> WORK REQUIRED: What you write should be an exact repeat of the lines from the one with "Via: [Archive.is] Mike" through the final line below, minus the pictures.

> DATA BELOW:
--- START ---
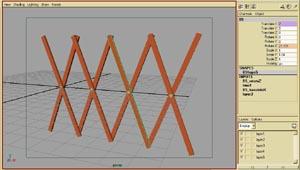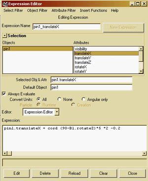 7 .再來復制多一組,分別取名 b5 、 b6 、 pin2 。選擇 pin2, 在表達式編輯器中鍵入 pin2.translatex = cosd (90-b1.rotatez)*5 4 -0.2 這條語句用來控制 pin2 隨著 b1 的 z 軸旋轉而沿著 x 軸平移。這次是乘以 4 ,每復制多一組,就要在前一組數值的基礎上加 “2”, 在第三組時就是 “6” 。道理不用說了吧。
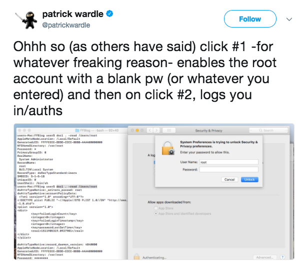 Via: [Archive.is] Mike Myers‏ @fristle: Perhaps nobody noticed two weeks ago when the root login vulnerability in macOS High Sierra was shared as a helpful tip on Apple’s own Developer forums. https://forums.developer.apple.com/thread/79235
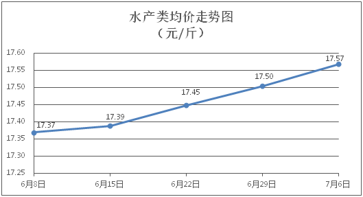 水产类商品价格涨势延续。所监测的9种水产商品价格波动情况为4涨2跌3平,综合均价为每斤17.57元,环比上涨0.36%。其中:草鱼、鲫鱼、淡水鲈鱼、基围虾零售均价分别为每斤11.20元、14.29元、22.64元、30.70元,环比分别下降0.09%、上涨0.78%、上涨0.40%、上涨0.29%。
--- END ---
> TASK RESPONSE:
 Via: [Archive.is] Mike Myers‏ @fristle: Perhaps nobody noticed two weeks ago when the root login vulnerability in macOS High Sierra was shared as a helpful tip on Apple’s own Developer forums. https://forums.developer.apple.com/thread/79235
 水产类商品价格涨势延续。所监测的9种水产商品价格波动情况为4涨2跌3平,综合均价为每斤17.57元,环比上涨0.36%。其中:草鱼、鲫鱼、淡水鲈鱼、基围虾零售均价分别为每斤11.20元、14.29元、22.64元、30.70元,环比分别下降0.09%、上涨0.78%、上涨0.40%、上涨0.29%。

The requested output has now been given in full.